Solution Approach 2:
The patent performs preliminary analysis of parameter uncertainties by establishing the load flow model with interval parameters before operation. This pre-characterization of parameter ranges allows the system to account for uncertainties without requiring complex ongoing measurements, as the model inherently incorporates these variations in its temperature limit calculations.
3Reliability
If high control precision is implemented, then safety is improved, but the control system becomes more complex
Solution Approach 1:
The patent ensures safety through preliminary action by calculating upper and lower temperature limits before control operations. These pre-determined boundaries guarantee safe operation by preventing temperatures from exceeding acceptable ranges, achieving high safety standards without requiring complex real-time monitoring and adjustment mechanisms.
Solution Approach 2:
The patent introduces the load flow model as an intermediary that systematically handles the complexity of high-precision safety control. This model translates complex thermal-hydraulic relationships into manageable temperature limits, allowing the control system to maintain high safety standards while operating with a relatively simple control architecture that merely needs to enforce these pre-calculated boundaries.
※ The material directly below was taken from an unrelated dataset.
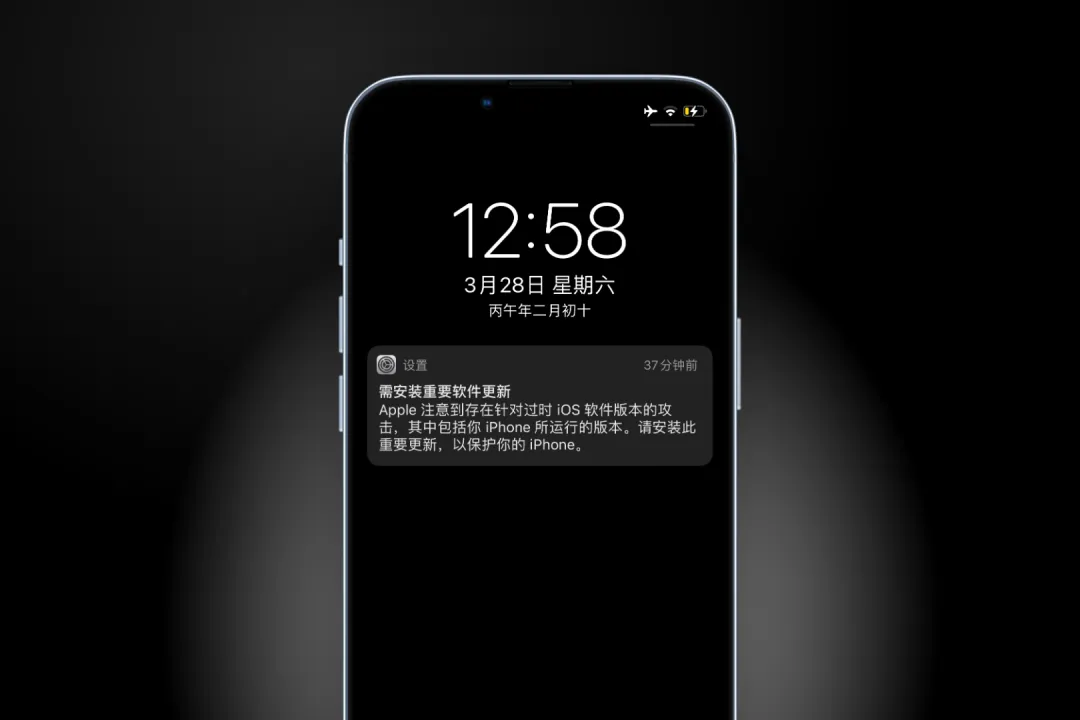 苹果在提醒中明确表示,已发现针对过时 iOS 版本的攻击,而用户当前设备正处于风险范围内,因此建议尽快更新系统以保护你的 iPhone。

Applied Scientific Principles
This section explains which scientific principles are used to turn an abstract innovation direction into a practical engineering solution.
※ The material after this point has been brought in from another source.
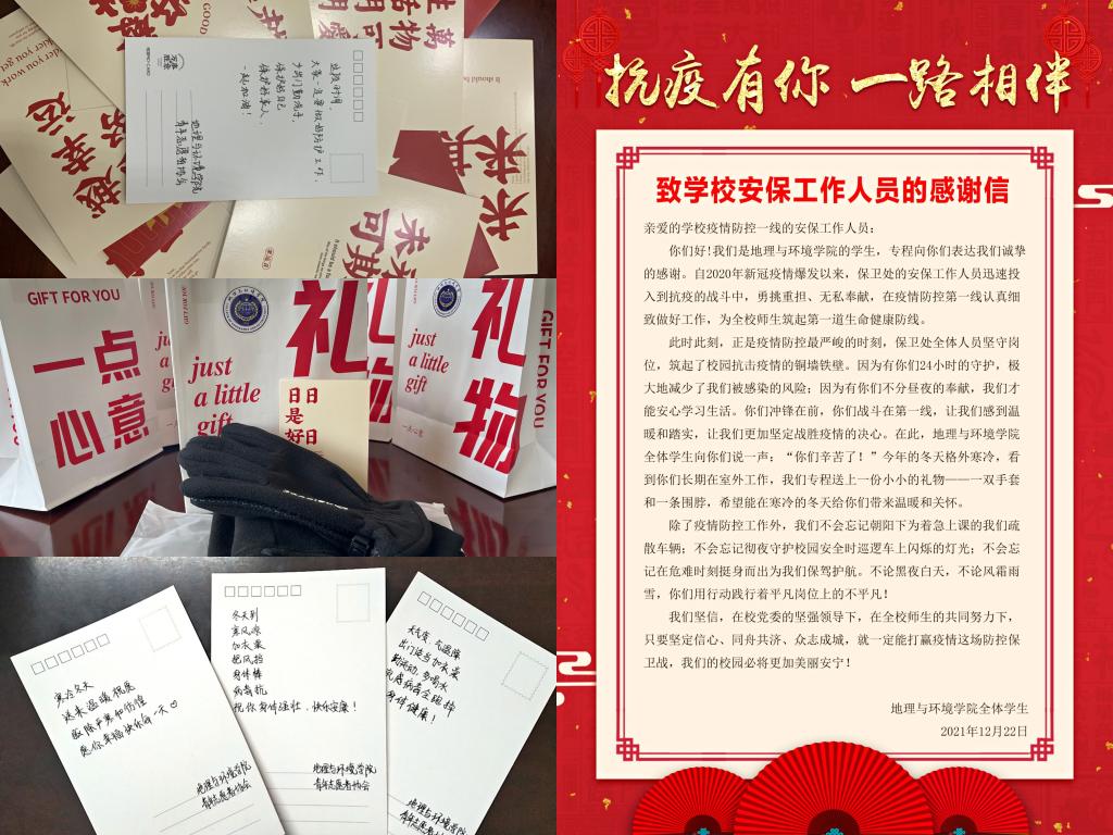 为弘扬“奉献、友爱、互助、进步”的志愿服务精神,增强大学生爱校感恩意识,12月22日上午,地理与环境学院在高新校区开展“暖情冬日 温情校园”志愿服务活动,对长期坚守在疫情防控一线的beat365安保工作人员送去真诚的感谢和慰问。校党委副书记栾宏,学工部部长、学生处处长冯森,武装部部长、保卫处处长李迪,保卫处副处长陈正社,地理与环境学院党委副书记梁文博、保卫处工作人员、地理与环境学院辅导员及学生代表参加了活动。

Function Achieved in This Case
This approach provides more accurate and reliable load flow solutions, enhancing the safety and control of the heating system by accounting for parameter uncertainties, thus improving the overall performance and safety of the integrated energy system.
Implementation Method 1
The combined heat and power system includes an electricity system and a heating system coupled with each other
Implementation Method 2
load flow model of the heating system, in which the heating system includes pipelines and nodes; the nodes include loads and heating sources
Data Source
AI summary
The disclosure provides a method, an apparatus, and a storage medium for controlling a heating system in a combined heat and power system. The method includes: establishing a load flow model of the heating system, in which the heating system includes pipelines and nodes; the nodes include loads and heating sources; the load flow model includes an objective function and constraints; the objective function for maximizing and minimizing an inlet water temperature of each load or each source; solving the load flow model to obtain an upper limit and a lower limit of the inlet water temperature of each load or each source; and controlling the inlet water temperature of each load or each source based on the upper limit and the lower limit of the inlet water temperature of each load or each source.